I am alway leery of operations that don't have good safety practices. The operator is clearly putting sales before safety, so be cautious, this is probably not the only safety rule they may be breaking. Do they have oxygen on board, employees trained in CPR, are they looking out for the snorkelers while they are in the water, do they have a checklist of who goes in and who comes out? Good reviews have nothing to do with safety, safety is boring, a buzz kill, as long as nothing happens people usually want the freedom that lax rules provide, but once something does happen - then the finger pointing and lawsuits happen. If a dive operation did this I would never use them.
 
The operator is clearly putting sales before safety, so be cautious, this is probably not the only safety rule they may be breaking.

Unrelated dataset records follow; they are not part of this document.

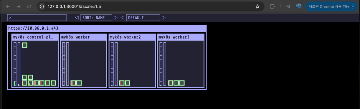 helm install kube-ops-view geek-cookbook/kube-ops-view --version 1.2.2 --set service.main.type=NodePort,service.main.ports.http.nodePort=30001 --set env.TZ="Asia/Seoul" --namespace kube-system
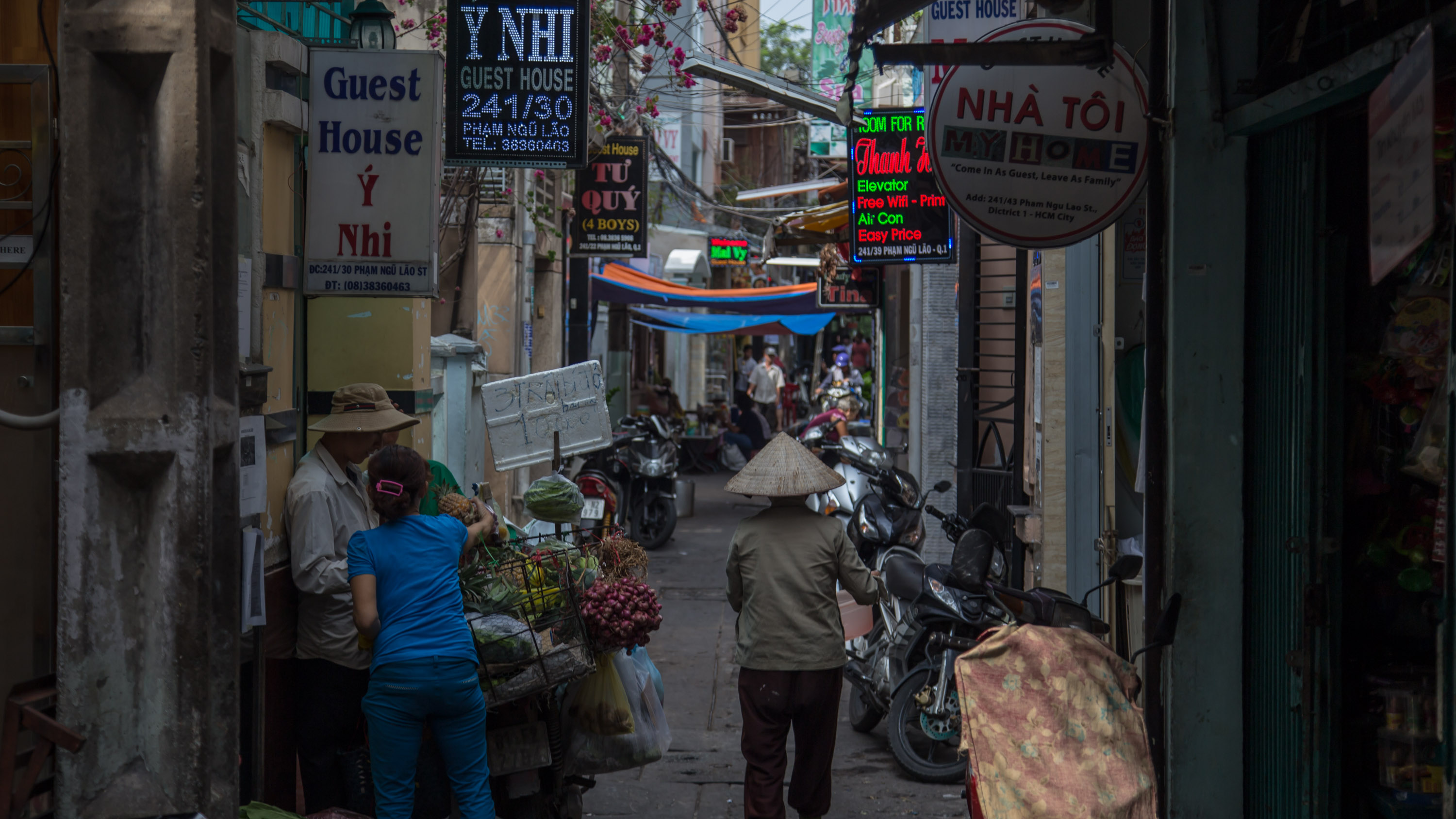 Locals doing their shopping in the cooler small streets behind Bùi Viện
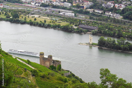 Naklejka premium Die Burgruine Ehrenfels bei Assmannshausen in Hessen und der Mäuseturm bei...
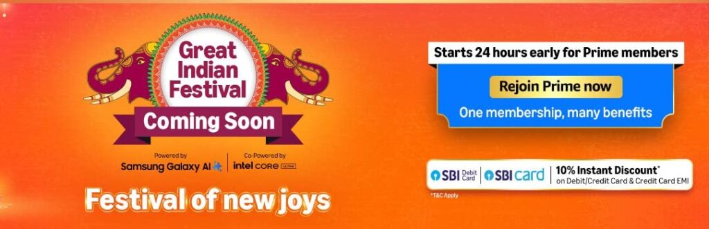 अमेज़न ग्रेट इंडियन फेस्टिवल सेल 2025 में एसबीआई डेबिट और क्रेडिट कार्ड लेनदेन पर 10 प्रतिशत तक की छूट मिलेगी।
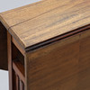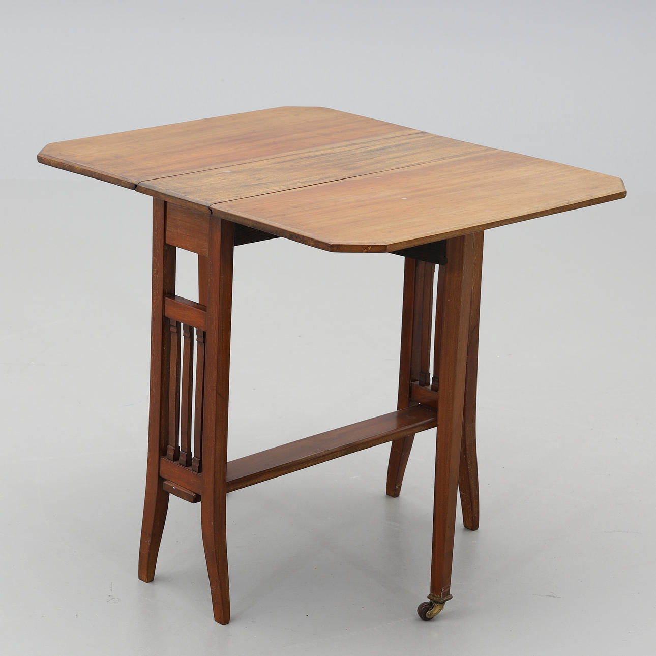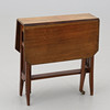 Bredd 60 cm. Längd 17 cm. Höjd 63 cm. Skivan utfälld med snedställda hörn, 75x60 cm.
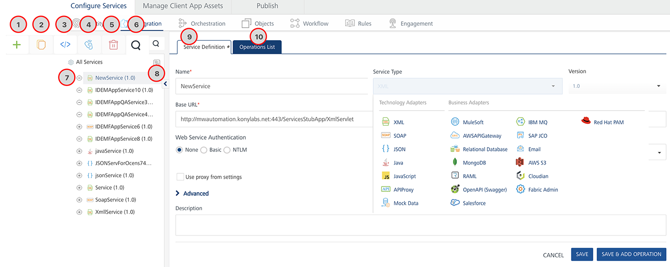 Number Section Description 1 Add Allows you to add the following:Add New ServiceUse ExistingAdd New Operation 2 Clone Allows you to duplicate an existing service. Changes made to a cloned service will not impact the original service. 3 Sample Code A dynamic code is generated based on the configuration of a service. You can use this code in your SDK. 4 Unlink Allows you remove the service from the Integration services section of an app. When a service is unlinked, it is disassociated from a particular app. 5 Delete button Allows you to delete a service. 6 Search button Allows you to search services and operations in the Services section. 7 Services section Configured services for an app.You can click the expand or collapse button of a service to show or hide operations in the services. 8 Show / Hide button Allows you the show or hide the tree. When you hide the tree section, the right pane is used for service definition or operations details. 9 Service Definition tab Allows you to configure service defection for an integration service. 10 Operations List tab Allows you to configure operations for an integration service. The Operations List tab appears only after you save the details in the service definition tab. -
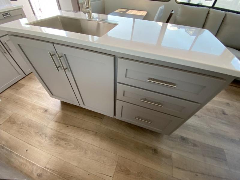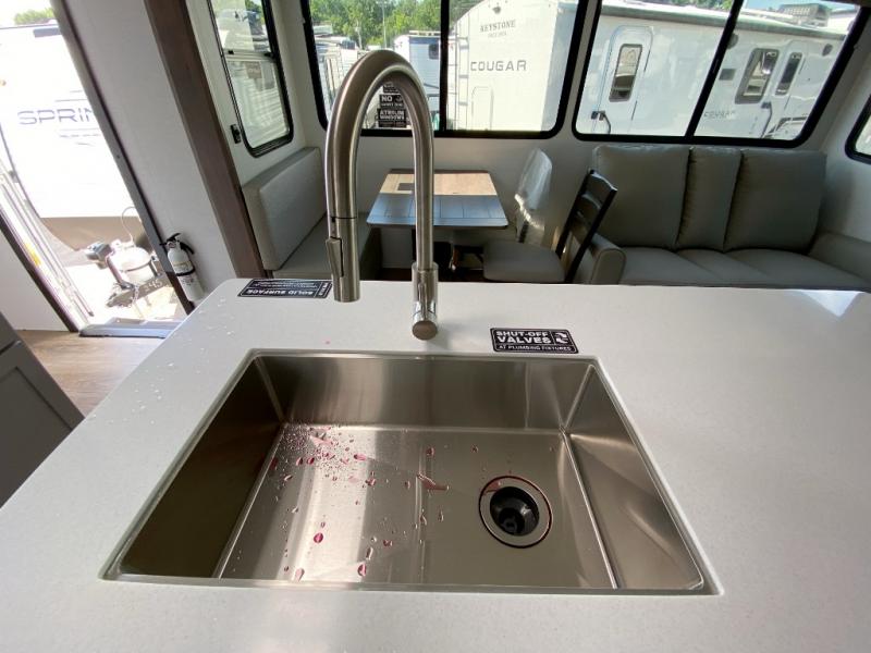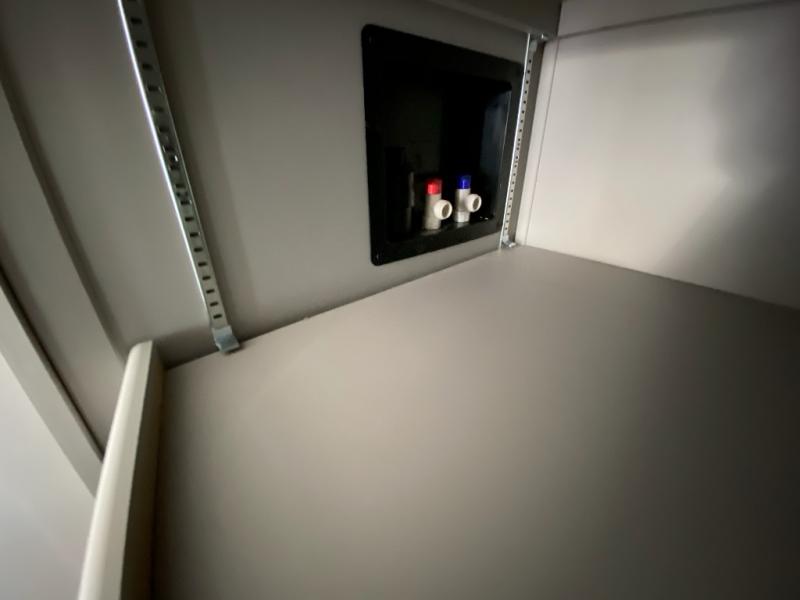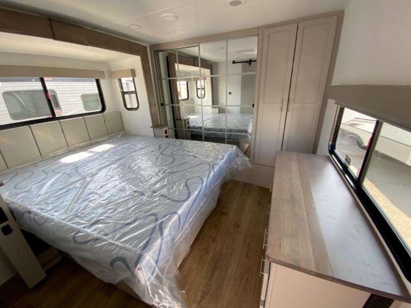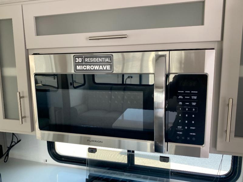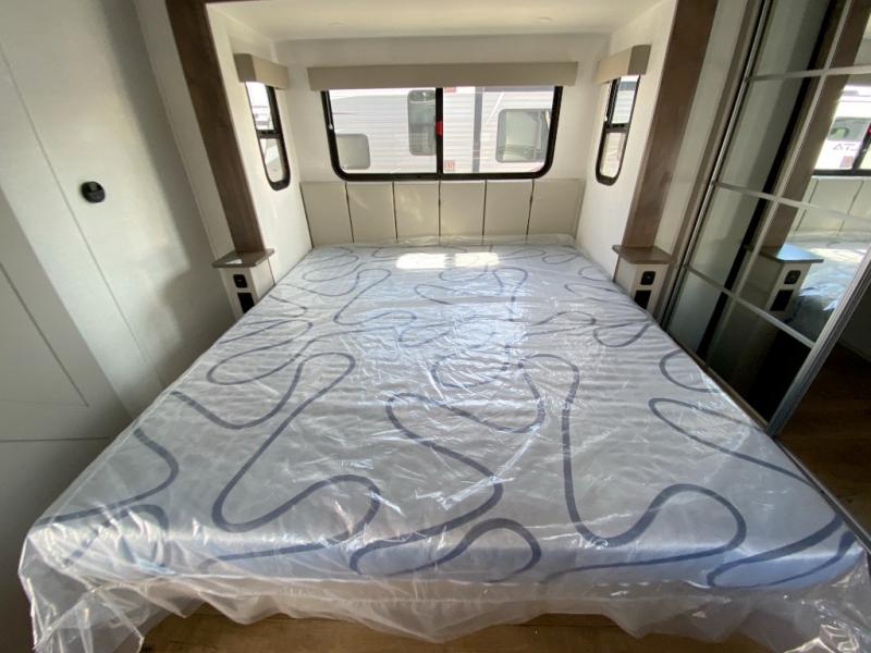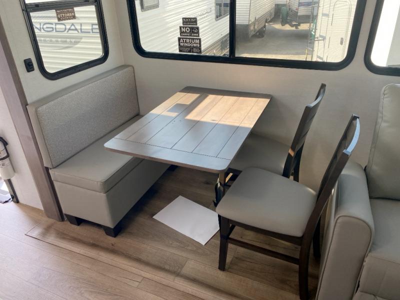 A kitchen island with countertop space makes it easy to prepare meals in this travel trailer! The floating dinette table has two chairs on one side and a movable ottoman with flip up storage on the other side to keep your games or extra table cloths in. You can store your dishes and snacks inside the hutch/pantry or in the second pantry. The front private bedroom has a queen bed slide but can be switched out for the optional king bed if you like. There is also a dresser and large wardrobe with shelving plus washer and dryer prep if you choose to add those appliances. The rear living area features a dual recliner theater seat across from an entertainment center with a 50" class HDTV with hidden storage behind it, and is also on a swing mount for all to see even at the rear sleeper sofa!

One really has to wonder what the rest of the world thinks of excessively risk-adverse Westerners who think like this. One could argue that going out at all, going out without mandating all guests wear PFDs while in the water, and/or going out without mandating all guests slather themselves in rashguards, hats, gloves, and sunblock is putting sales before safety! There is an enormous difference between the offer of a fruity rum drink before/in between snorkles and downing enough booze to become drunk just before trying to tube whitewater/go scuba diving/drive a car on a public road.

A large portion of the world plays by a less anal-retentive, less black and white, less zero tolerance set of "rules" than we do. I doubt that the presence or absence of alcoholic beverages during a snorkel cruise is really the prime marker you want to consider when deciding whether they're safe. Rather: Do reviews talk about the captain/crew failing to control rowdy guests? Who's writing the reviews, families or raging backpacker kids? What information is available about the boat, crew, captain, and equipment? Failing that, call them up and ask about what you want to know.

First, it is a hard and fast rule that there is no drinking before and during diving. The first beer of the day follows the last dive of the day. No doubt a little beer won't endanger you, but a hazard of drinking is not counting your drinks. The only safe number of drinks is zero.

Why would anyone make such a strident assertion of obviously shaky truth? Is it paternalism, or do you somehow actually believe what you said to be true? Nobody should be diving impaired (any more than narcosis is already impairing them, anyway) and booze does nothing good for one's level of hydration, but what you just said is so far into the realm of fact-independent absolutes that I can't help but laugh.

Am I advocating cracking open a cold one between dives? No, not my cup of tea for reasons that have little to do with whether I'd be sober enough to conduct the next dive. But assuming a long enough SI I wouldn't yell at a buddy who had just one, either. But if you have a beer with lunch must you skip the night dive several hours later? Of course not.